Although I’ve been blogging for over a year now, I realised I’ve never written anything particularly personal, so I figured I’d write one today.
Over the past three years or so, I’ve grown a lot. No, I don’t mean physically (I’m still as short as ever) but emotionally.
Today I read through the mood diary I made for my therapy sessions in 2013. Admittedly, my issues started long before then, but this is the first time I’d really documented how I felt. Although it was difficult to read through a lot of it, I felt it was important to see how far I’ve come since then.
I wanted to share a couple of extracts from back in 2013, at the height of my problems with depression, anger and anxiety. So here goes…
‘Woke up feeling very angry and tense’…’got really angry with my mum because she knocked something over’…’strong urge to self harm’…’extremely miserable – cried for an hour’…’screamed at parents for eating too loud’.
Most of my diary consists of these types of thoughts and comments. There was barely a day whereby I was calm all day. Even ‘good’ days were those where I only shouted at someone a couple of times, never just a day where I was fairly contented. I was self harming virtually every day, screaming at people for no reason, having major anxiety attacks on a frequent basis and just generally hating life.

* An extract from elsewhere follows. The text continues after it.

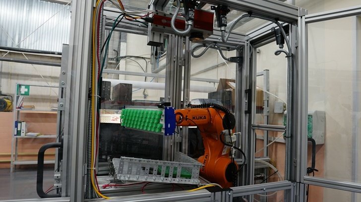 Помимо образовательного направления, в Макро Групп развивают и направление промышленной робототехники — решения на основе роботов для автоматизации различных процессов. За это направление отвечает компания «Макро Солюшнс», которая разработала интересное решение — это многофункциональная роботизированная установка, которая позволяет автоматизировать различные этапы, встраиваясь в производственную линию. Установка сделана мобильной, таким образом, её легко перемещать между участками, для выполнения различных задач. Например, установка может заниматься загрузкой или выгрузкой плат, нанесением покрытия на плату, или, скажем маркировкой платы с помощью лазера. Можно придумать ещё множество других задач для различных техпроцессов, не только в электронном производстве. Благодаря мобильности, эта установка довольно легко встраивается в любую уже работающую линию, или может работать как отдельное оборудование.

However, if I were to make a diary now, it would be very different. I have far more good days than bad, and can generally go an entire day without any incidents. Yes, I still have bad days, or days where my anxiety gets the better of me, but I have methods of dealing with these without cutting myself or taking it out on my family.
When I look back on the last two years, though, I can see that although it’s been a bumpy road, I have progressed enormously. I can now use my experiences to help others, know what job I want to do in the future – I’m hoping to become a clinical psychologist, so I can use my experiences to help others – have friends who I actively meet up with, enjoy spending time with my family again, and am generally happy to be me and to be alive.
It’s hard to believe less than a year ago, I felt so depressed that I tried to kill myself. That doesn’t even feel like the same person I am today. I’ve learnt a lot about myself over the last few years, and I think maybe this all happened so I can help others in the future, so they don’t have to go through the same things I did.
Who knows? Maybe in another year I’ll have grown even more. I’d like to one day be free from depression and anxiety, but I realise I have a long way to go yet. Either way, I’ll keep working towards that goal, one day at a time.